Пример обучения языку показал мне, что моя схема естественной последовательности, состоящей из догматической фазы, за которой следует критическая фаза, была очень упрощенной. При изучении языка, несомненно, существует врожденная предрасположенность корректировать (то есть быть гибким и критичным, элиминировать ошибки), которая с течением времени окаменевает. Когда ребенок, научившись пользоваться словом «голоса», использует форму множественного числа «волоса» для слова «волос», налицо работа предрасположенности к поиску регулярностей. Ребенок скоро поправится — возможно, под влиянием критики взрослых.
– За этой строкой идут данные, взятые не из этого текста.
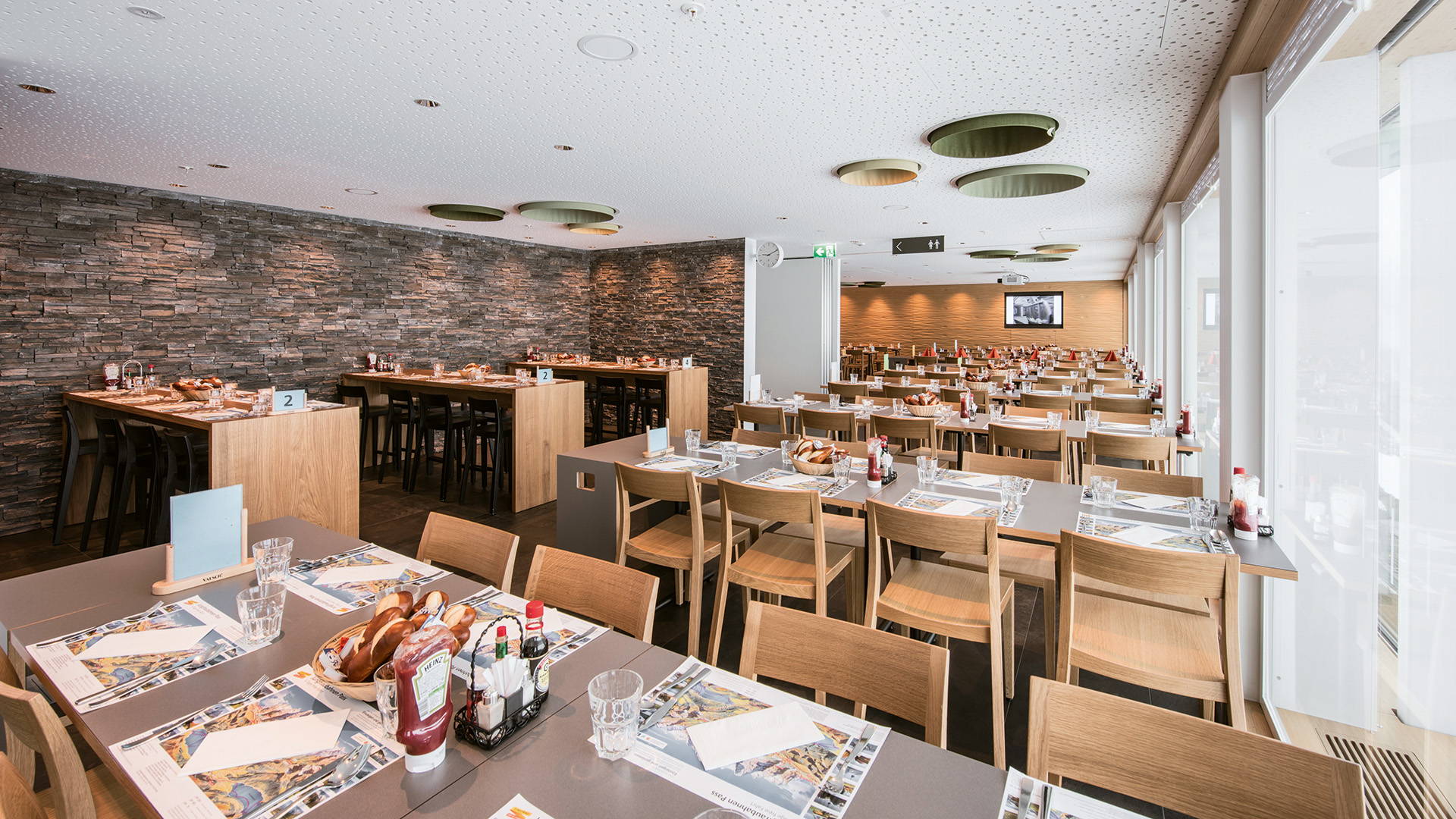 Im Restaurant Eiger finden bis zu 210 Gäste Platz, bei fantastischer Aussicht auf die Welt aus Eis und Schnee. In der exklusiven Eisbar, 30 Meter unter der Gletscheroberfläche, wird der Aperitif zum besonderen Erlebnis.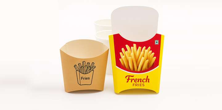 | Ideal forFrench Fries Sleeve | MaterialPaper gsm (40-70) | ReusableNo | BiodegradableYes | Compostable Yes |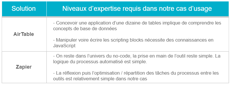 En termes de compétences et ce dès la conception, développer une application de gestion sous AirTable fera appel à des notions élémentaires de conception, d’architecture, ou de langage informatique. Le niveau reste toutefois modeste et nous conseillerions de ne pas rechigner à investir quelques jours en prestation si vous ne disposez pas de ressources en interne. C’est un investissement modeste qui vous fera partir du bon pied et vous fera monter en compétence par la même occasion. Dans notre cas un profil idéal serait un informaticien sachant modéliser les tables / objets d’une petite application (<10 tables) et ayant quelques connaissance en JavaScript. La prise en main d’AirTable (Zapier) et la montée en compétence sur l’outil n’étant pas un frein pour nous. Connaître ces 2 outils est toutefois un plus.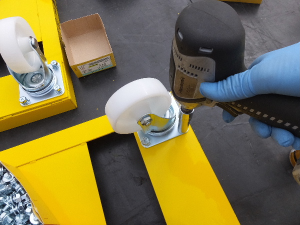 新月サンのお手伝いで、鉄製台車のキャスター付け。 1台に付16本のボルト締めました(×50台)

Но, по-видимому, в процессе изучения языка существует фаза, когда языковая структура становится жесткой: возможно, под влиянием «автоматизации», как описано в пункте 3 выше.
Я воспользовался изучением языка просто в качестве примера, из которого можно видеть, что имитация — это частный случай метода проб и элиминации ошибок [59]. Это также пример сотрудничества между фазой догматического формирования теории, формирования ожидания или формирования поведенческих регулярностей, с одной стороны, и фазой критицизма — с другой.
Но несмотря на то, что теория критической фазы как идущей вслед за фазой догматической очень упрощена, она верна в том, что не может быть критической фазы без предшествующей ей догматической фазы, фазы, в которой что-то — ожидание, поведенческая регулярность — формируется, прежде чем с ними мог бы начать работу процесс элиминации ошибок.
Это воззрение побудило меня отказаться от психологической теории обучения путем индукции, теории, которой придерживался Юм даже после того, как он отверг индуктивизм на логических основаниях. (Я не хочу повторять то, что я сказал о точке зрения Юма на привычку в «Предположениях и опровержениях») [60]. Кроме того, оно помогло мне понять, что не существует такой вещи, как непредвзятое наблюдение. Всякое наблюдение представляет собой активность, имеющую цель (найти или проверить наличие некоторой регулярности, которое, по крайней мере, смутно предполагается); активность, направляемую проблемами и контекстом наблюдений («горизонтом ожиданий», как я назвал его позже). Нет такой вещи, как пассивный опыт; нет пассивно запечатленных ассоциаций запечатленных идей. Опыт есть результат активного исследования организма, поиска регулярностей или инвариантов. Нет такой вещи, как восприятие, кроме как в контексте интересов и ожиданий, а следовательно, регулярностей или «законов».